_Work instructions_
So long as no pictures are carried over, output the records below exactly.

_Available data_
◆ ◆ ◆ ◆ ◆

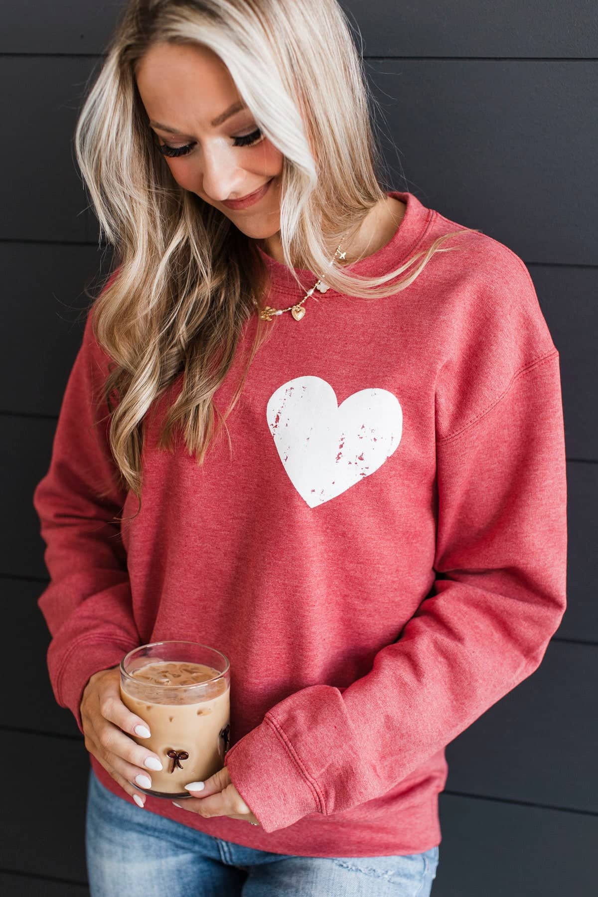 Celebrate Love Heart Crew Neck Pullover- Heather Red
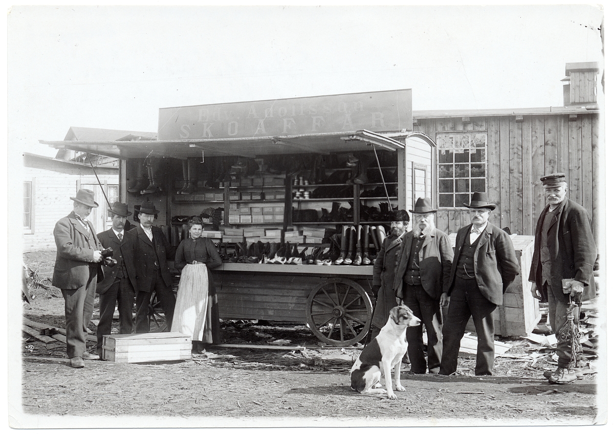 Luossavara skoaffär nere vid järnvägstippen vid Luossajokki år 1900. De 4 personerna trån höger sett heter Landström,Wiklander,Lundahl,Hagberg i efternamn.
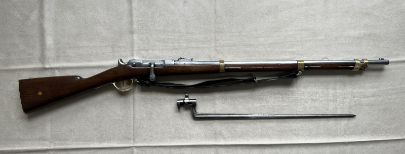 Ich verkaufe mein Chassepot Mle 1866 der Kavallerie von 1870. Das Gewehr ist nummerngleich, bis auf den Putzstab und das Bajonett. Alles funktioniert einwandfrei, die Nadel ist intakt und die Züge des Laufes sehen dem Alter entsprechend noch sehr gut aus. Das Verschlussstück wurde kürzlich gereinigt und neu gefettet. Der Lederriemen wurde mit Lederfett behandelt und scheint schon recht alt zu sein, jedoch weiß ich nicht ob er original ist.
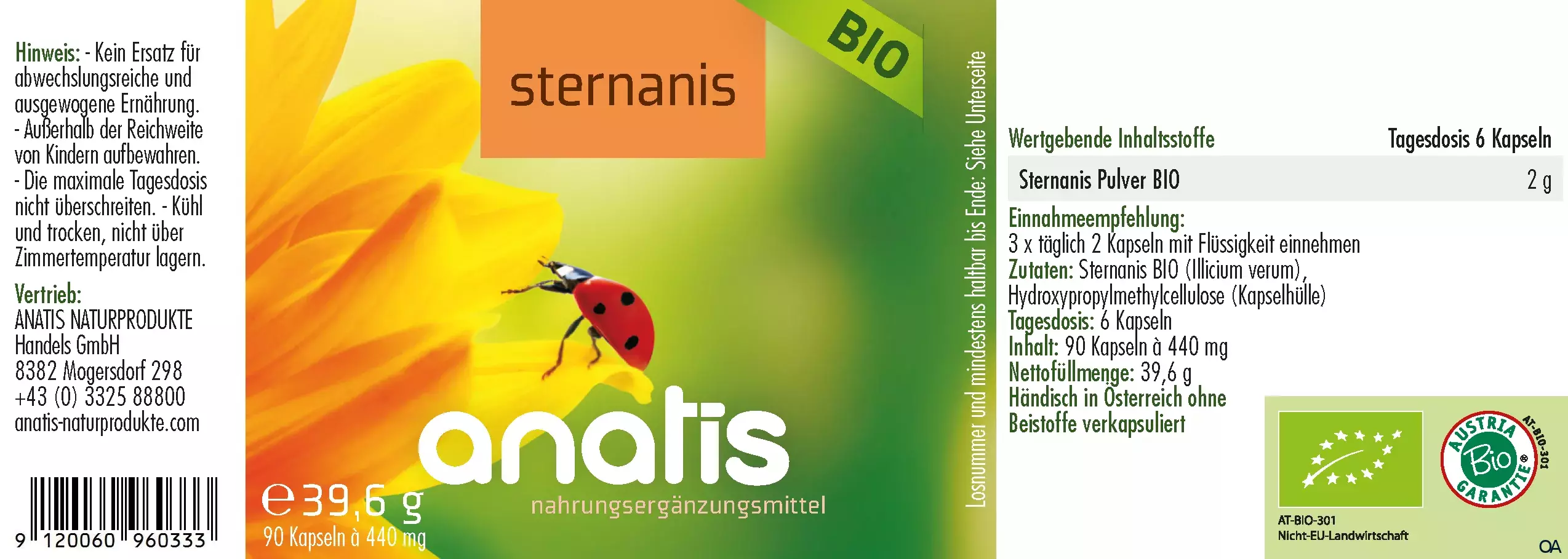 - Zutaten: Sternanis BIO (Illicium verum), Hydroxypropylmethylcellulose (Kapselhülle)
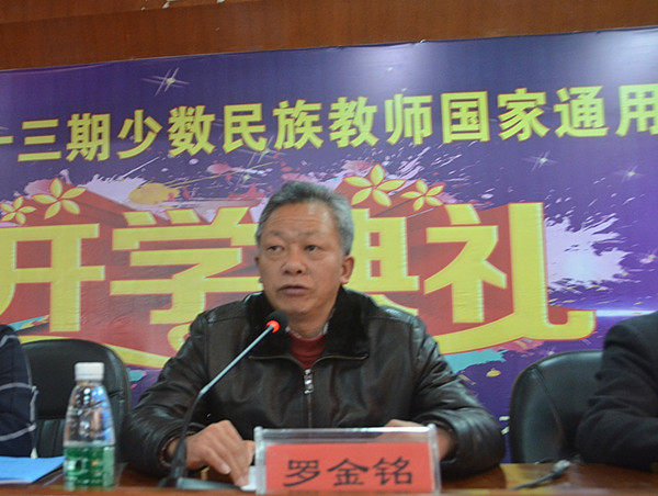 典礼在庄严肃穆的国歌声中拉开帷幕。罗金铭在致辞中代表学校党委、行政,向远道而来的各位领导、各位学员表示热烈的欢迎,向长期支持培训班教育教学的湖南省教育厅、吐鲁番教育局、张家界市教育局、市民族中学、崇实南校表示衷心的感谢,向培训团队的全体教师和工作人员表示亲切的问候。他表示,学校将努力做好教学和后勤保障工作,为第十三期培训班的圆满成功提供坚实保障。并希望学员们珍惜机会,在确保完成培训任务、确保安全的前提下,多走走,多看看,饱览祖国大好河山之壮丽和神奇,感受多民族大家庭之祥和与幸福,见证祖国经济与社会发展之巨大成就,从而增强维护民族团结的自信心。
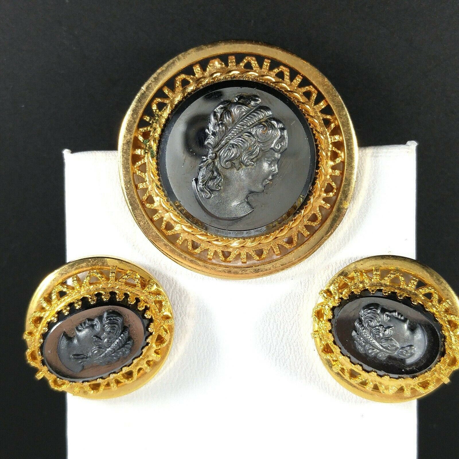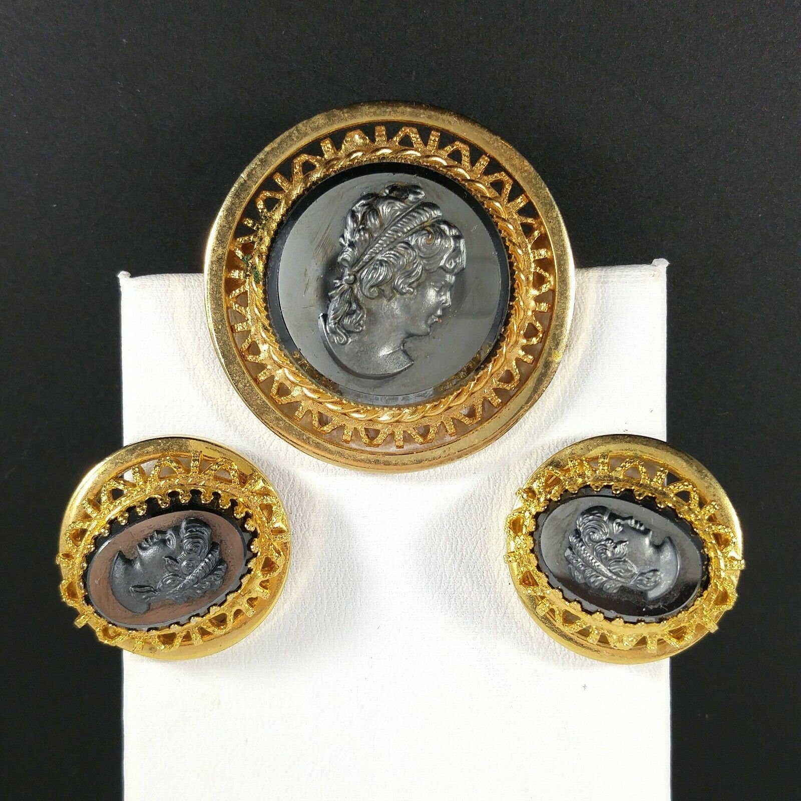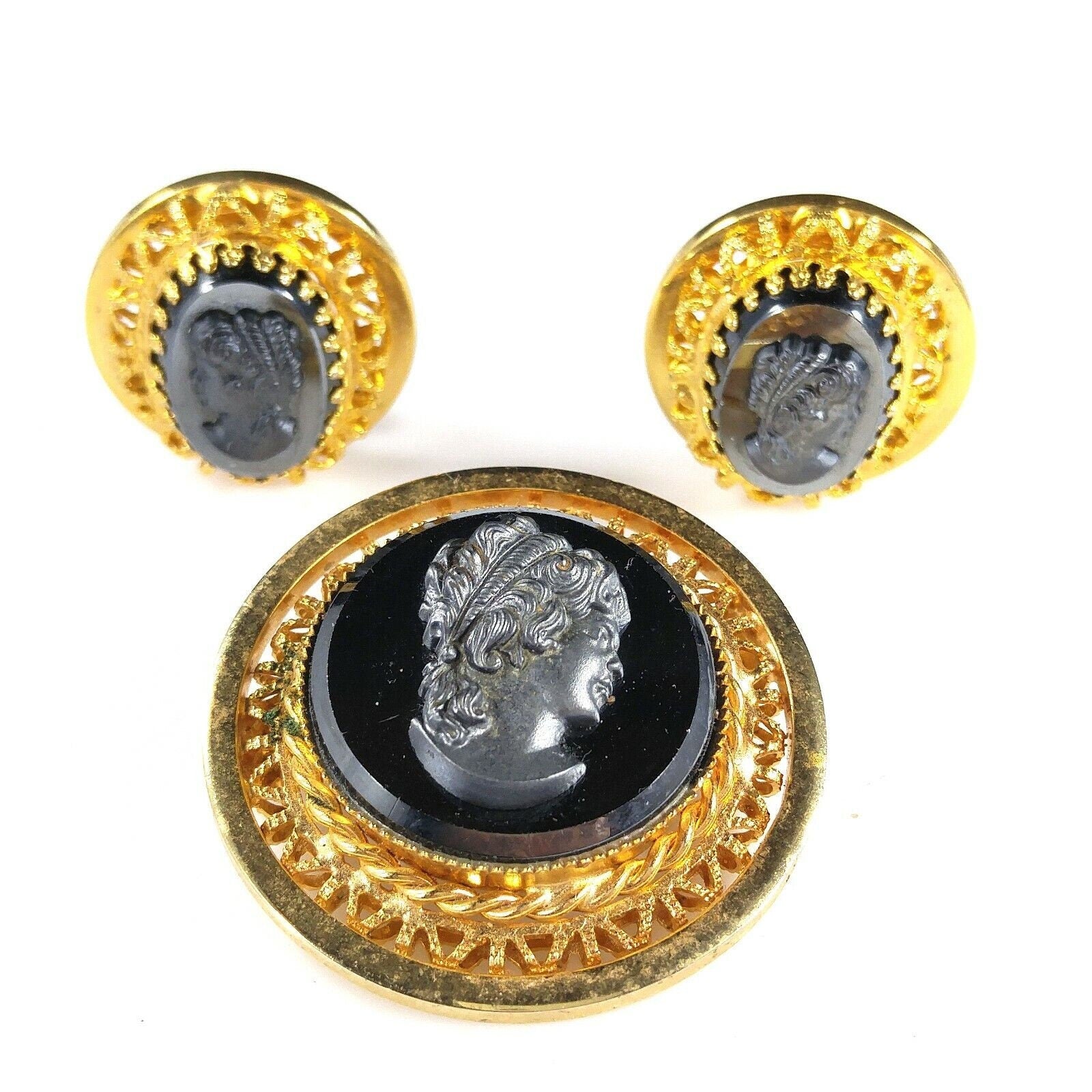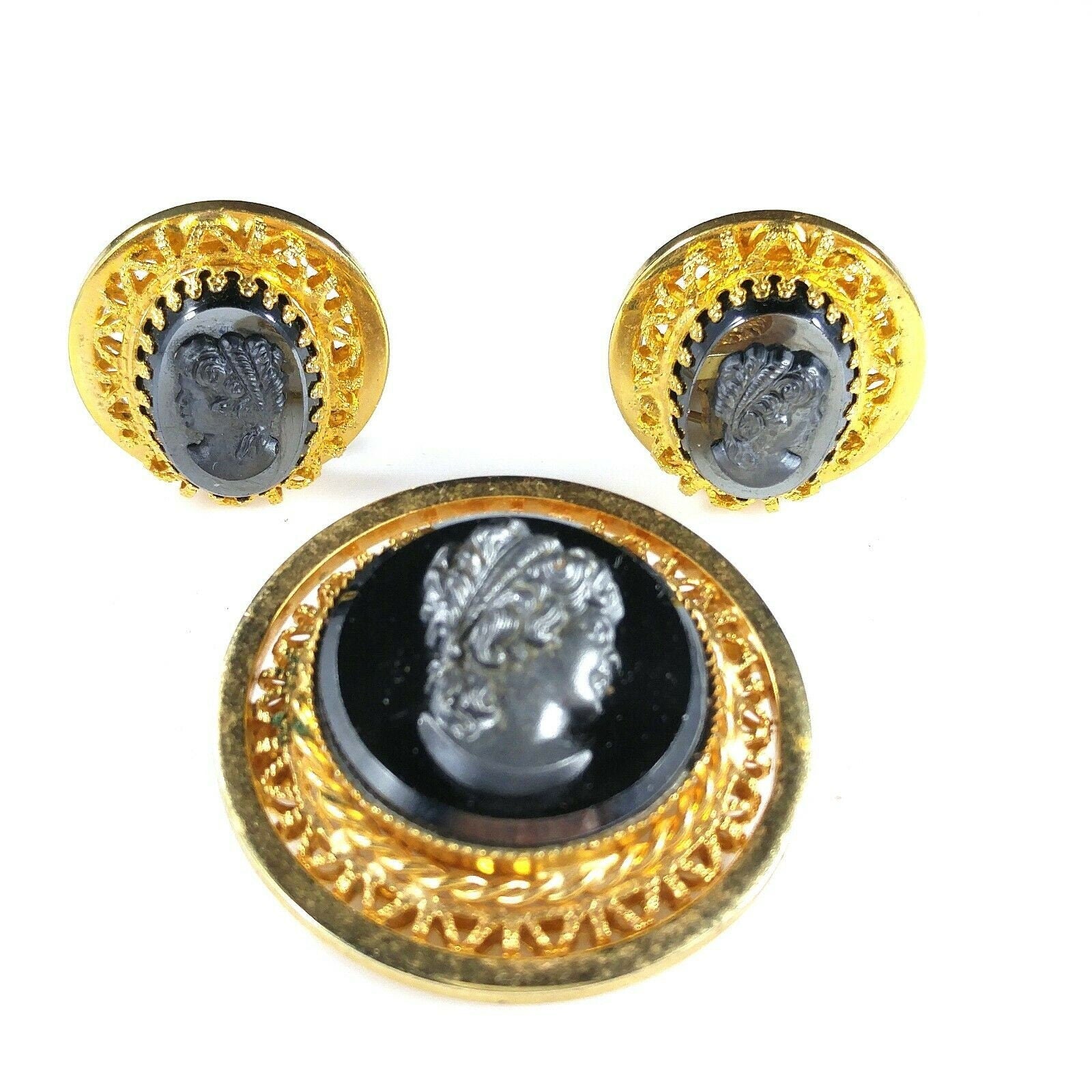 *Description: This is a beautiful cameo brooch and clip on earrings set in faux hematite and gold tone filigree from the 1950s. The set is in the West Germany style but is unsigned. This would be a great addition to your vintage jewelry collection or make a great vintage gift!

◆ ◆ ◆ ◆ ◆

_Solution to the problem_
 Celebrate Love Heart Crew Neck Pullover- Heather Red
 Luossavara skoaffär nere vid järnvägstippen vid Luossajokki år 1900. De 4 personerna trån höger sett heter Landström,Wiklander,Lundahl,Hagberg i efternamn.
 Ich verkaufe mein Chassepot Mle 1866 der Kavallerie von 1870. Das Gewehr ist nummerngleich, bis auf den Putzstab und das Bajonett. Alles funktioniert einwandfrei, die Nadel ist intakt und die Züge des Laufes sehen dem Alter entsprechend noch sehr gut aus. Das Verschlussstück wurde kürzlich gereinigt und neu gefettet. Der Lederriemen wurde mit Lederfett behandelt und scheint schon recht alt zu sein, jedoch weiß ich nicht ob er original ist.
 - Zutaten: Sternanis BIO (Illicium verum), Hydroxypropylmethylcellulose (Kapselhülle)
 典礼在庄严肃穆的国歌声中拉开帷幕。罗金铭在致辞中代表学校党委、行政,向远道而来的各位领导、各位学员表示热烈的欢迎,向长期支持培训班教育教学的湖南省教育厅、吐鲁番教育局、张家界市教育局、市民族中学、崇实南校表示衷心的感谢,向培训团队的全体教师和工作人员表示亲切的问候。他表示,学校将努力做好教学和后勤保障工作,为第十三期培训班的圆满成功提供坚实保障。并希望学员们珍惜机会,在确保完成培训任务、确保安全的前提下,多走走,多看看,饱览祖国大好河山之壮丽和神奇,感受多民族大家庭之祥和与幸福,见证祖国经济与社会发展之巨大成就,从而增强维护民族团结的自信心。
 *Description: This is a beautiful cameo brooch and clip on earrings set in faux hematite and gold tone filigree from the 1950s. The set is in the West Germany style but is unsigned. This would be a great addition to your vintage jewelry collection or make a great vintage gift!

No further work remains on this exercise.